_Task details_: Below are some entries. Transcribe the lines from the one holding "但最终净利润是4.24亿,比2016年少了0.3亿,下降6.7%。" to the one holding "他表示,很高兴今天能够在中飞", inclusive, but not the pictures among them.
───── Listed records ─────
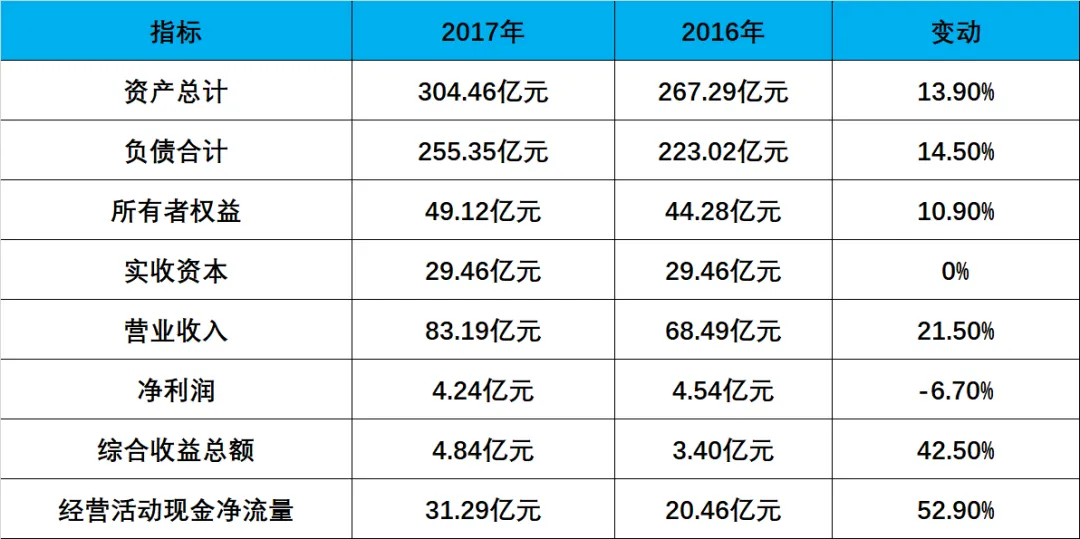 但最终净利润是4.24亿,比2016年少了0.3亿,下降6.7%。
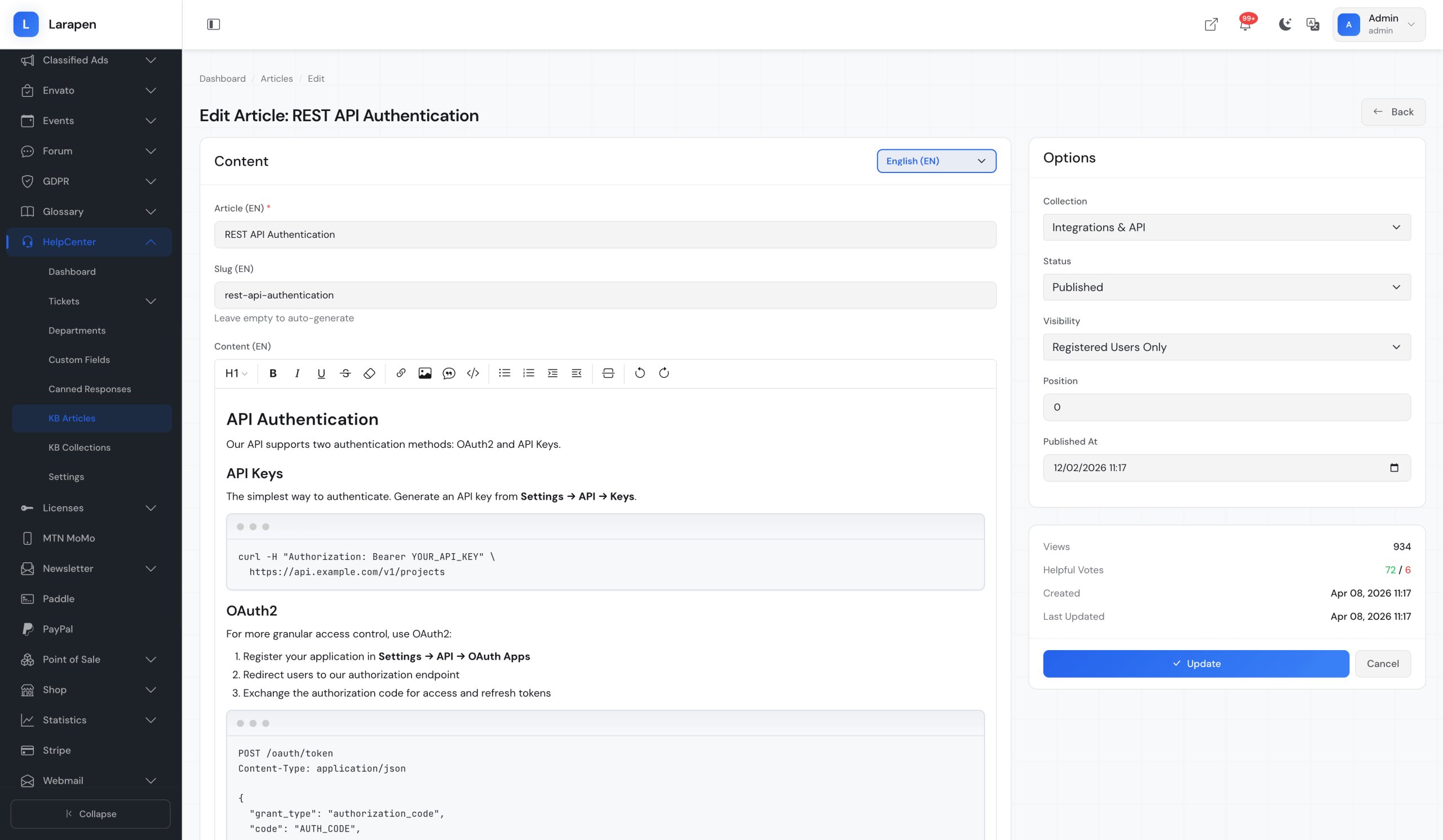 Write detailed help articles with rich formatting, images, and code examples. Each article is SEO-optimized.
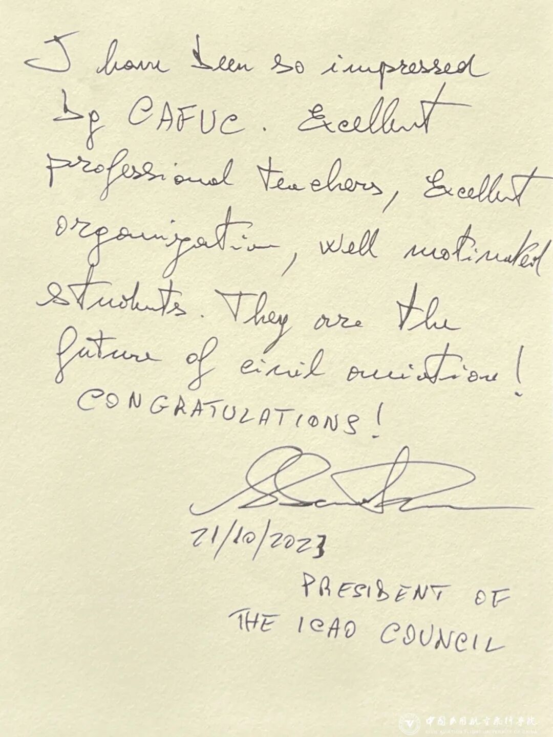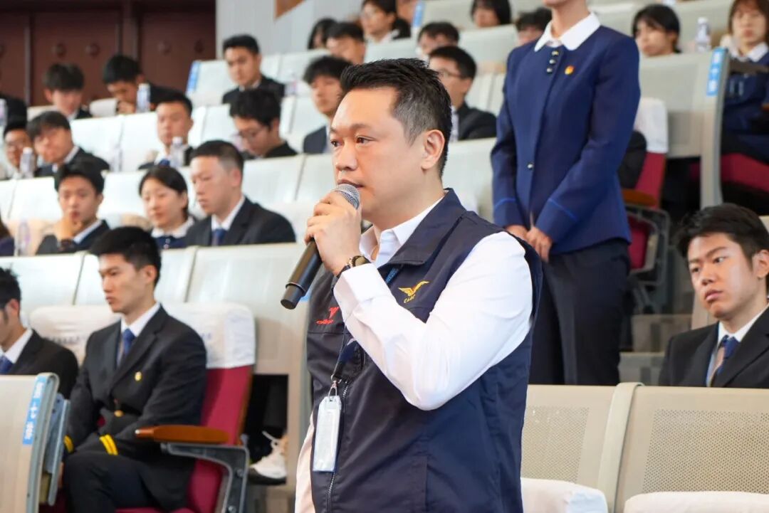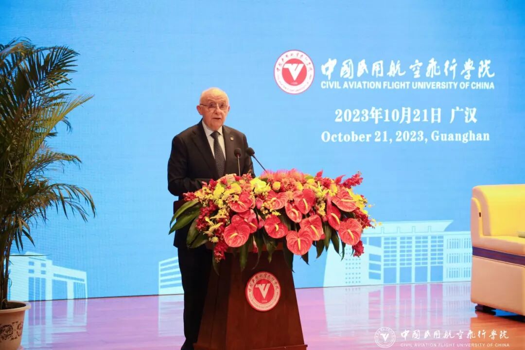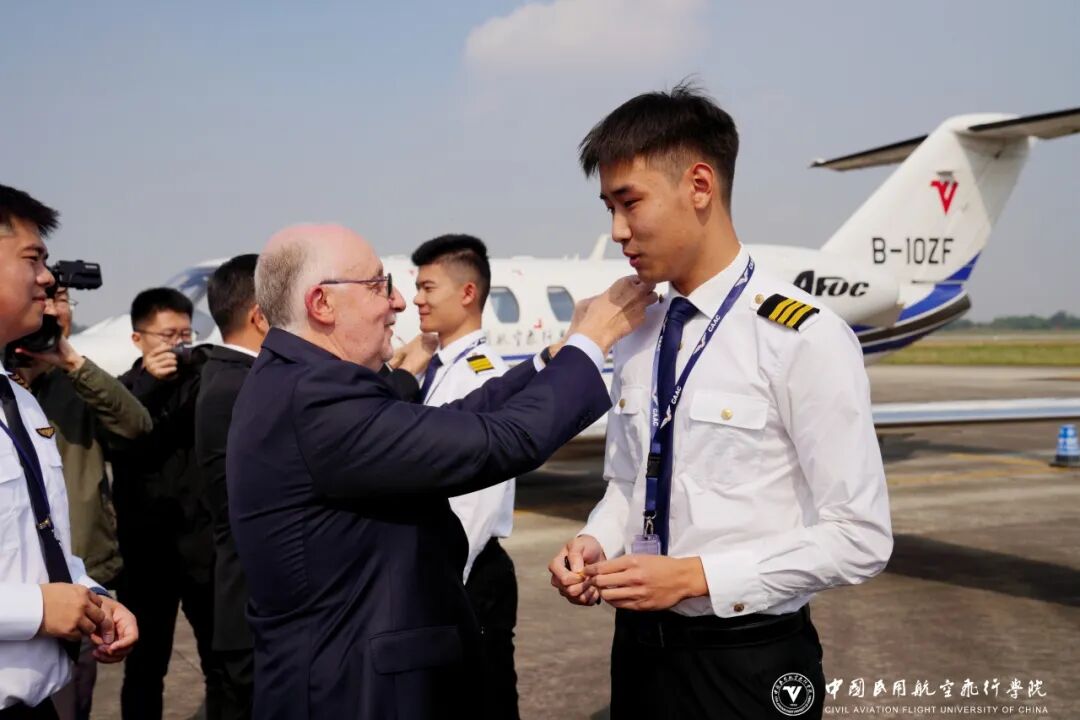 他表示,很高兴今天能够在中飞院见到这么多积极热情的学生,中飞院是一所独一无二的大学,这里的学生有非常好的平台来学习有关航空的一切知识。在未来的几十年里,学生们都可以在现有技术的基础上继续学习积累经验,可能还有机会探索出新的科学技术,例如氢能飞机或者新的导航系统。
─────
───── Listed records ─────
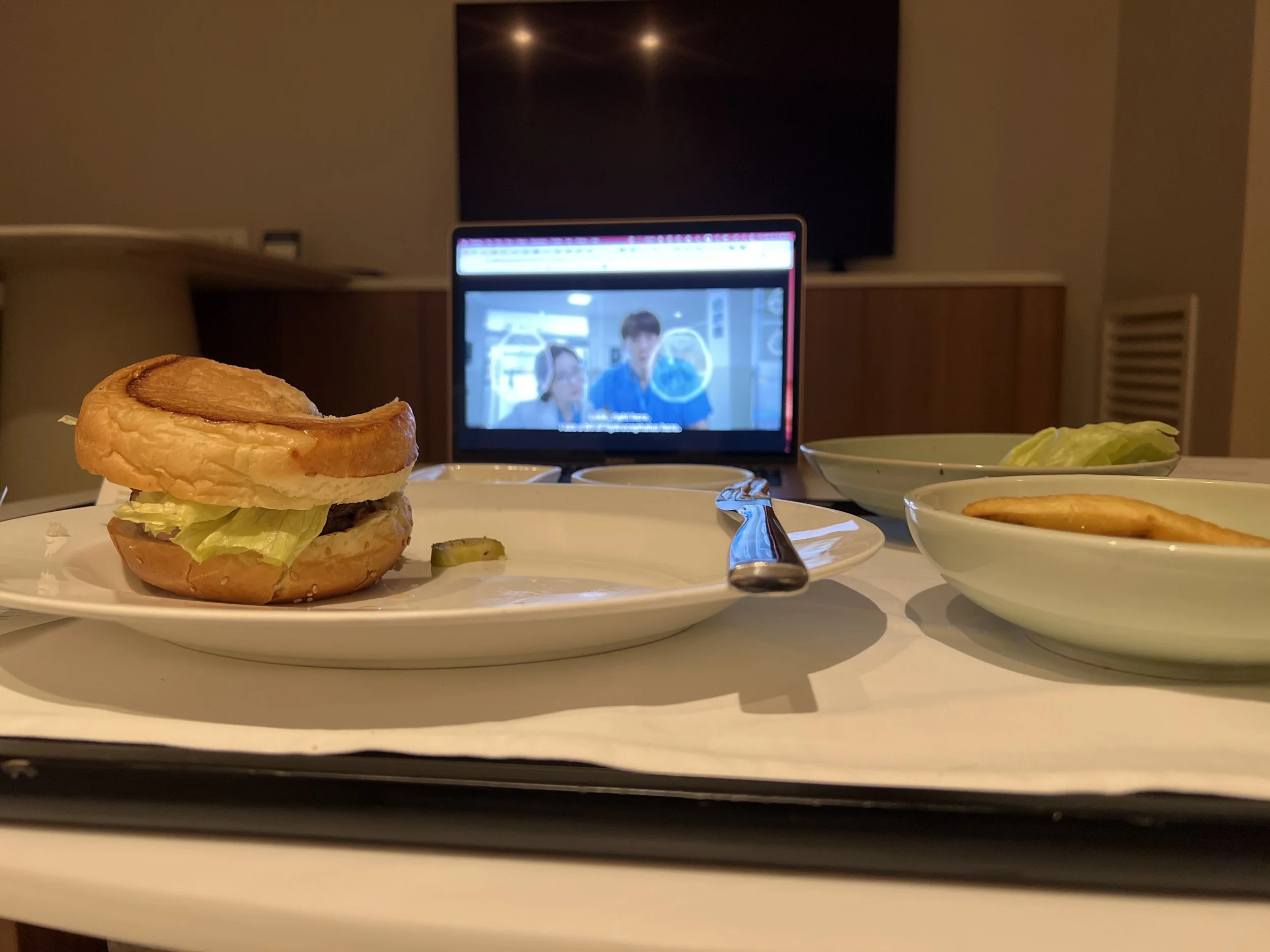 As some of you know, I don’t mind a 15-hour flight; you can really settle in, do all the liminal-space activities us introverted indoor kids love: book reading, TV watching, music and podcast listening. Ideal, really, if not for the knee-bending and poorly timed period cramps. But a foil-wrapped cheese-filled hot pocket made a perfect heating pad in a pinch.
─────
_Response to the exercise_:
 但最终净利润是4.24亿,比2016年少了0.3亿,下降6.7%。
 Write detailed help articles with rich formatting, images, and code examples. Each article is SEO-optimized.
 他表示,很高兴今天能够在中飞院见到这么多积极热情的学生,中飞院是一所独一无二的大学,这里的学生有非常好的平台来学习有关航空的一切知识。在未来的几十年里,学生们都可以在现有技术的基础上继续学习积累经验,可能还有机会探索出新的科学技术,例如氢能飞机或者新的导航系统。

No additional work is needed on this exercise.